Do you think he cares? Jenkins is a philosophy professor who took on this job out of duty, not ambition. I imagine he’d like nothing better than to return to his philosophy teaching.
When will people learn that the president of a university is not a powerbroker. He’s in the crossfire between faculty, board, students, alumni and parents. He can never please all of them. If he alienates big donors or faculty, he gets fired. You don’t fire the donors, you don’t fire the faculty (because the faculty’s research prestige is the university’s marketable “product.”
If Jenkins were fired, nothing would change. What drives the decisions are marketing factors. And the sad truth is that the market for “Catholic education” today doesn’t give a damn about pro-life or other Catholic teachings.
For God’s sake, people, focus your anger at the board, at the faculty of Notre Dame, at the donors who won’t pull their donations (because most of them are themselves only CINOS). That’s where the problem is. Jenkins is small potatoes in all of this. He’s the messenger boy. The message is created by the huge reservoir of CINOism out there in the culture.

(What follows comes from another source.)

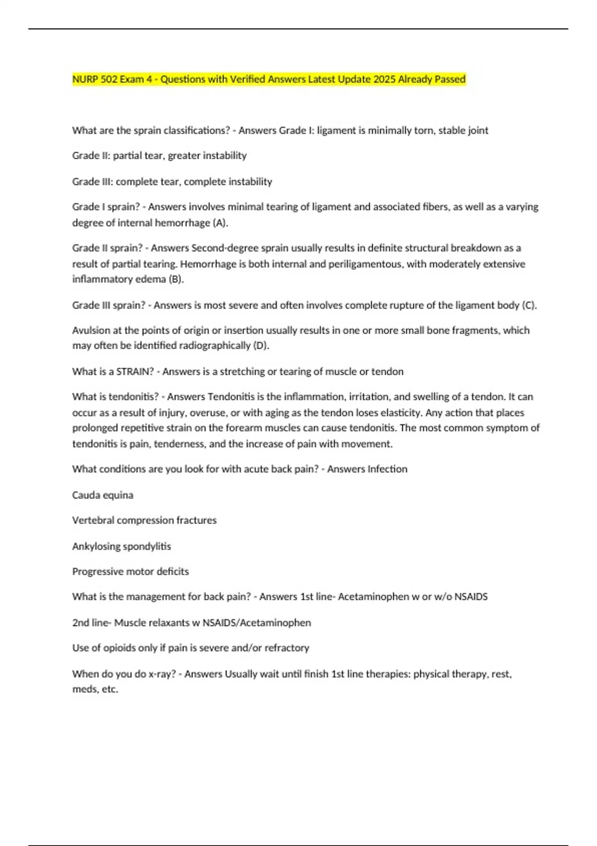 NURP 502 Exam 4 - Questions with Verified Answers Latest Update 2025 Already Passed What are the sprain classifications? - Answers Grade I: ligament is minimally torn, stable joint Grade II: partial tear, greater instability Grade III: complete tear, complete instability Grade I sprain? - Answers involves minimal tearing of ligament and associated fibers, as well as a varying degree of internal hemorrhage (A). Grade II sprain? - Answers Second-degree sprain usually results in definite structural breakdown as a result of partial tearing. Hemorrhage is both internal and periligamentous, with moderately extensive inflammatory edema (B). Grade III sprain? - Answers is most severe and often involves complete rupture of the ligament body (C). Avulsion at the points of origin or insertion usually results in one or more small bone fragments, which may often be identified radiographically (D). What is a STRAIN? - Answers is a stretching or tearing of muscle or tendon What is tendonitis? - Answers Tendonitis is the inflammation, irritation, and swelling of a tendon. It can occur as a result of injury, overuse, or with aging as the tendon loses elasticity. Any action that places prolonged repetitive strain on the forearm muscles can cause tendonitis. The most common symptom of tendonitis is pain, tenderness, and the increase of pain with movement. What conditions are you look for with acute back pain? - Answers Infection Cauda equina Vertebral compression fractures Ankylosing spondylitis Progressive motor deficits What is the management for back pain? - Answers 1st line- Acetaminophen w or w/o NSAIDS 2nd line- Muscle relaxants w NSAIDS/Acetaminophen Use of opioids only if pain is severe and/or refractory When do you do x-ray? - Answers Usually wait until finish 1st line therapies: physical therapy, rest, meds, etc. What are alternative therapies to consider when managing back pain? - Answers Acupuncture, massage, injections. TCAs, physical therapy When taking the history of an ankle injury, what is important to ask? - Answers If the injury was an eversion or inversion What are key PE techniques for the ankle? - Answers Inspect, palpate, ROM, proactive (strength, anterior drawer, syndesmosis squeeze, inversion stress test), functional (wt bearing, gait, ability to hop/stand on affected ankle) What is the squeeze test? - Answers Examiner grasps the patient's leg midway up the calf and performs a compress and release motion. A positive test is considered if the patient experiences pain in the area of the syndesmosis. + test = severe injury The Squeeze Test for syndesmosis injury following an ankle sprain is positive when pain is felt upon squeezing the fibula and tibia together. What are the Ottawa Ankle Rules? - Answers Radiographs unnecessary if the following conditions are met: 1. Patient able to walk 4 steps at time of injury or evaluation 2. No bony tenderness over distal 6cm of either malleolus Necessary if: 1. Pt cannot bear wt in office 2. Tenderness over medial and lateral malleoli, base of 5th metatarsal, or navicular bone If an x-ray is needed of the shoulder, describe the x-ray you need to order? - Answers 4 view x-ray of the shoulder Internal anteriorposterior (AP) Grashey/AP Oblique Axillary Y Views What are some finding you could expect to see on x-ray of the shoulder? - Answers Fracture Glenohymeral arthritis Significant AC joint separation What might you consider in a patient >40 y/o with shoulder pain/bruising after a fall? - Answers In a patient >40 with no prior history shoulder pain, negative x-rays, consider a massive rotator cuff tear. MRI would be more sensitive to this condition This will require an ortho referral if positive for a tear What are differential diagnoses for knee injury? - Answers Several, some include the following: ACL MCL Sprain/strain Ruptured achilles Chondromalacia (patellar fx= surgical emergency) What are the Ottawa rules for Knee pain? - Answers > 65 y/o Patellar pain Tenderness at head of fibula Inability to flex knee at 90 degrees Inability to bear weight (4 steps) immediately after injury and on exam What is important about a knee x-ray for the older population? - Answers Get an x-ray

I suppose BO will show up and make a wonderful sounding speech (off the teleprompter of course!) saying we should find common ground on the abortion issue, respect each other’s opinions, and all the usual bull. And he will be lauded by the media and even by some pro life liberals for his ability to transcend the issue and bring people together, blah blah blah.
I don't "care" if He "cares" but one way or the other Hussein will not be speaking at ND on commencement day. And you can take that to the bank.
You have given me food for thought.
So it’s really a whole structure that the pro-lifers are resisting—not just Fr. Jenkins.
The only answer is a groundswell of grass-roots resistance and pocket-book protests.
The Franciscans have a University at Steubenville that seems to be getting along quite nicely. Maybe if the Church had more of them and fewer of these prima donna orders, there would be more Steubenvilles around the country and fewer ND's and Marquettes and Georgetowns.